--- START ---

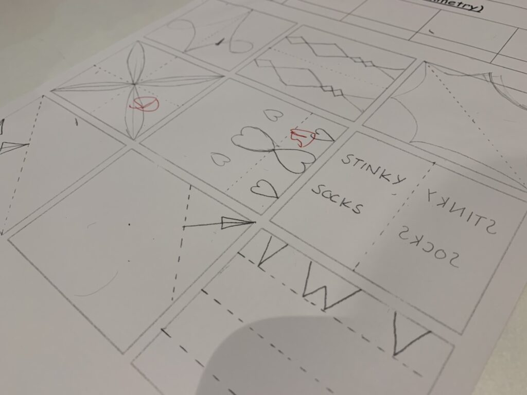 そのあとには実際にワークシートに描かれた絵を左右対称になるように
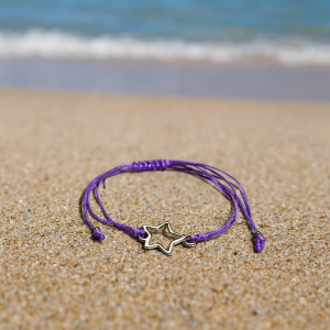 Bracelet made with colored threads and various fun silver designs. Star charm.
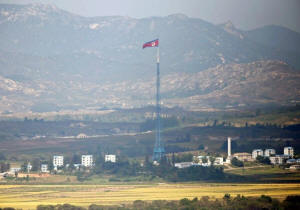 A North Korean flag is seen on top of a tower near the truce village
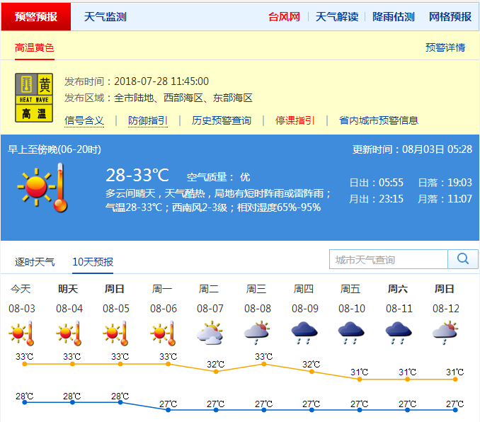 近期天气方面,预计3日多云间晴天,天气酷热,局地有短时阵雨或雷阵雨,气温27-33℃,北部和人口密集区局地最高气温可达35℃;4-7日多云,局部有短时(雷)阵雨。请注意持续高温下的防暑降温和户外活动、户外作业的安全;关注局地雷雨的影响,发布雷电预警时,需远离高山、开阔的地方以及树下、较浅的山沟或者山洞、水面等地区。
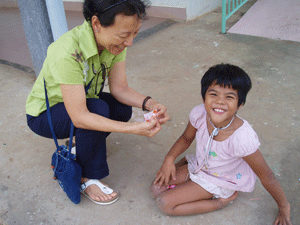On October 20, 2007, we finally got round to visiting the MC Sisters of Chom Chao – "HOME of PEACE". I called Sr. Karol, a Singaporean, to arrange for our visit. There are 48 children (1-16 years old) with positive HIV AIDS in their home. I prepared some candies and snacks for the visit.
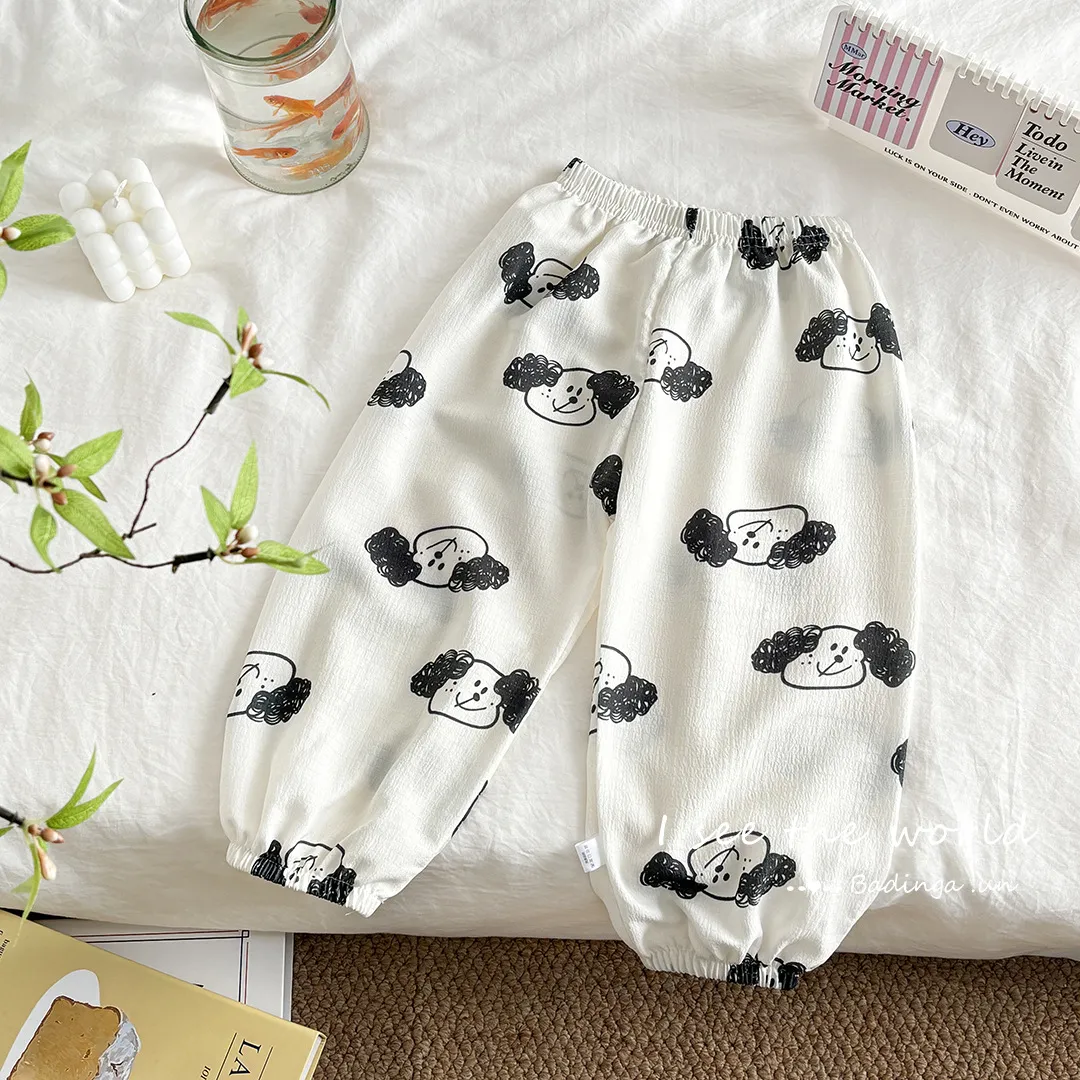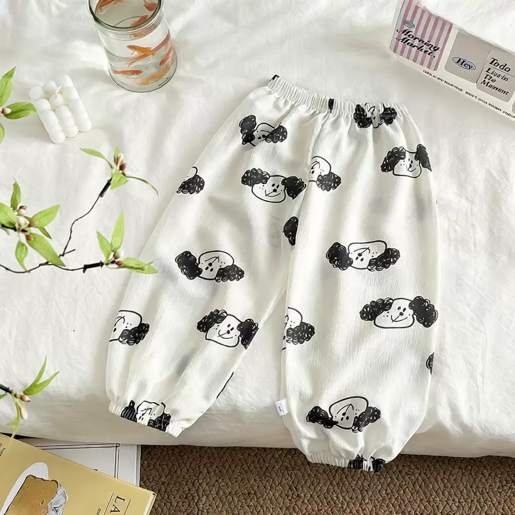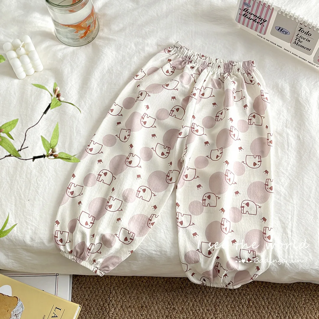 儿童夏季防蚊裤男童印花泡泡棉直筒束脚裤女宝宝可爱宽松防蚊长裤

--- END ---

INSTRUCTIONS TO FOLLOW = From the line with "On October 20, 2007, we" down to the end of the entries, retype each line exactly as written, but drop the pictures.

THE COMPLETED TASK =
On October 20, 2007, we finally got round to visiting the MC Sisters of Chom Chao – "HOME of PEACE". I called Sr. Karol, a Singaporean, to arrange for our visit. There are 48 children (1-16 years old) with positive HIV AIDS in their home. I prepared some candies and snacks for the visit.
 儿童夏季防蚊裤男童印花泡泡棉直筒束脚裤女宝宝可爱宽松防蚊长裤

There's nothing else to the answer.